- **TASK DETAILS**
Below is a listing; write it out exactly and drop any images from it.

- **DATA SEGMENT**

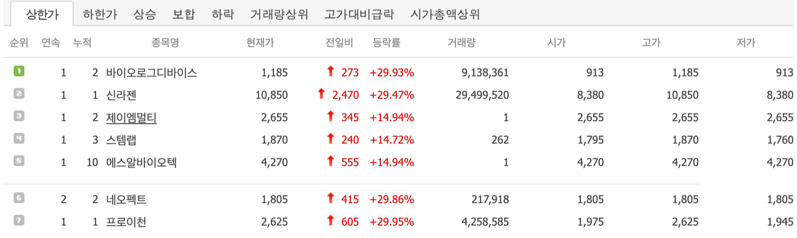 오늘도 이렇게 상한가 종목을 확인해보았습니다.
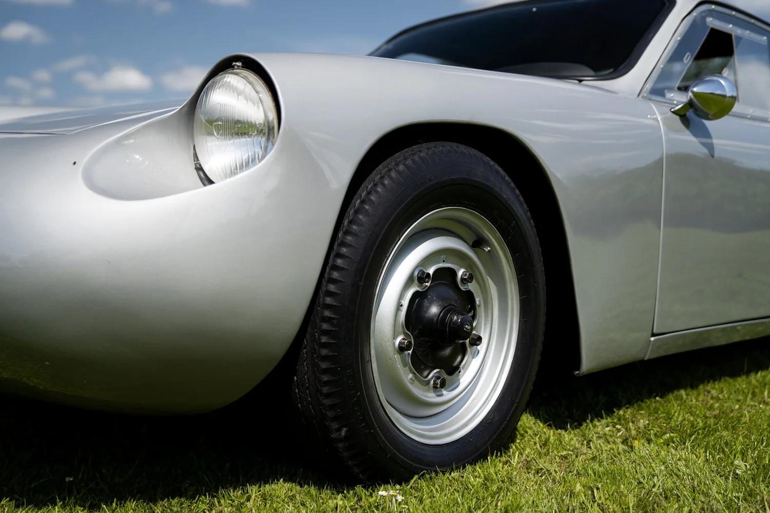 In 1963 Aldo Borghi received a Porsche 356 from a customer for restoration. This Porsche 356 was produced in 1953 as a 1954 model year with a 1.500 ccm type 546 engine producing 55 PS. After suffered a fire the car was completely destroyed. The restoration was practically impossible, but the mechanics and its running gear were still of interest to the Italo-Argentinean coachbuilder.
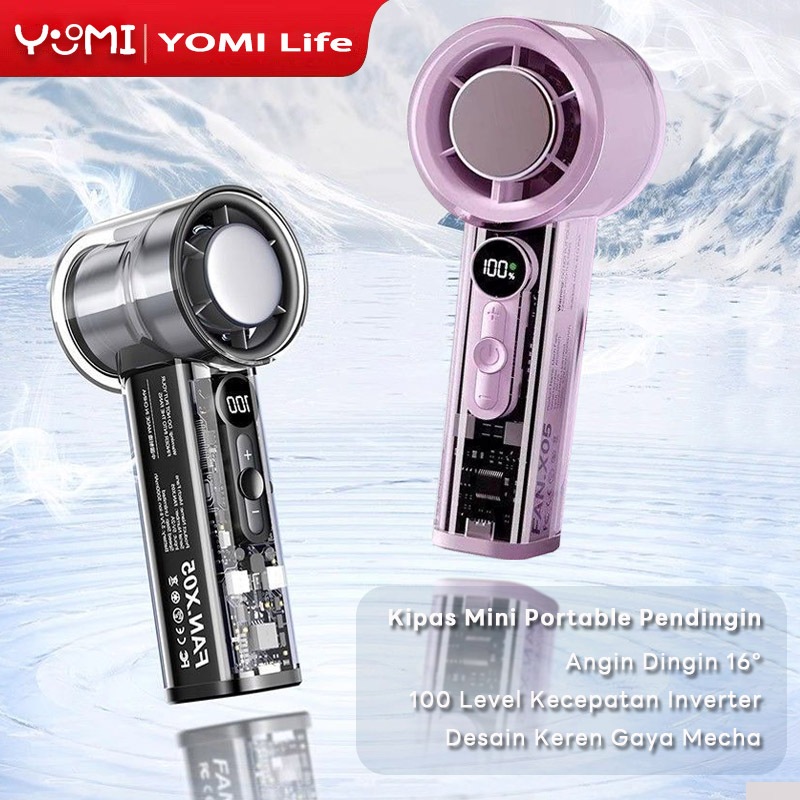 Kipas Angin AC Mini Portable High Speed Strong Wind 100 Gear Handheld Mini Fan Kompres Dingin 3000mAh Tahan Lama LCD Display Pendingin Cepat

- **SOLUTION TO THIS EXERCISE**
 오늘도 이렇게 상한가 종목을 확인해보았습니다.
 In 1963 Aldo Borghi received a Porsche 356 from a customer for restoration. This Porsche 356 was produced in 1953 as a 1954 model year with a 1.500 ccm type 546 engine producing 55 PS. After suffered a fire the car was completely destroyed. The restoration was practically impossible, but the mechanics and its running gear were still of interest to the Italo-Argentinean coachbuilder.
 Kipas Angin AC Mini Portable High Speed Strong Wind 100 Gear Handheld Mini Fan Kompres Dingin 3000mAh Tahan Lama LCD Display Pendingin Cepat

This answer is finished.